Выбрать главу

Поэтому мы с Иваном, скорее всего, удивим всех, когда выйдем на лед под «Волшебный Мир» — саундтрек из «Аладдина», потому что... А почему бы, собственно, и нет?

Именно такие странности запоминаются чаще всего.

— Ты выглядела великолепно, и Иван тоже, и я не могла быть счастливее, — вздыхала Руби.

— Перестань плакать, — ответила я ей со смехом.

— Не могу. Я смотрела вашу программу пять раз подряд. Мы записали ее. Даже отец Аарона позвонил мне и сказал, что ты лучшая.

Как, черт возьми, отец Аарона узнал, что именно смотреть? Я не уточнила, но мне было интересно.

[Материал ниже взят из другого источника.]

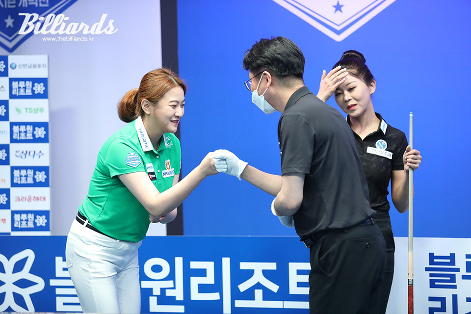 [빌리어즈=김민영 기자] '블루원리조트 PBA-LPBA 챔피언십'의 준결승전에 오른 김민아(NH농협카드)가 경기 후 심판과 인사를 나누고 있다.

— Ты виделась с семьей после выступления? — спросила Руби, резко меняя тему.

И я вздрогнула.

— Да. Мы поужинали в гостинице, где остановились, — все мы.

Все мы.

Руби немного помолчала, но все же задала вопрос, который, понятное дело, очень её интересовал. Она должна была знать, что наш отец приехал на соревнования.

— Как прошло с папой? — спросила сестра. Ее голос показался мне напряженным.

Я закрыла глаза и выдохнула.

— Нормально.

— Нормально, потому что ты не поругалась с ним, хоть и хотела? Или нормально, потому что вы обнимались, и все было в порядке?

Черт.

— Ну, мы обнялись, а потом он сел на другом конце стола и больше ничего мне не сказал, — что вполне меня устраивало. На самом деле. Это стало облегчением, если честно. Я была настолько взволнована результатами, что не хотела, чтобы он все испортил.

Разве не ужасно ожидать от отца такого? Того, что он может разрушить все, ради чего я столько старалась?

— Ох, Жас, — тихо вздохнула Руби.

— Все прошло нормально.

— Не хочу с тобой спорить, но…

О Боже. Начинается.

— Папа любит тебя. Он хочет для тебя самого лучшего.

Я промолчала.

— Он... старомоден.

Ах, вот как Руби это называла?

— Ты должна простить его. Он пытается. И знает, что все испортил, но никто из нас не идеален, — продолжала моя сестра, лишь отчасти заставляя меня чувствовать себя виноватой.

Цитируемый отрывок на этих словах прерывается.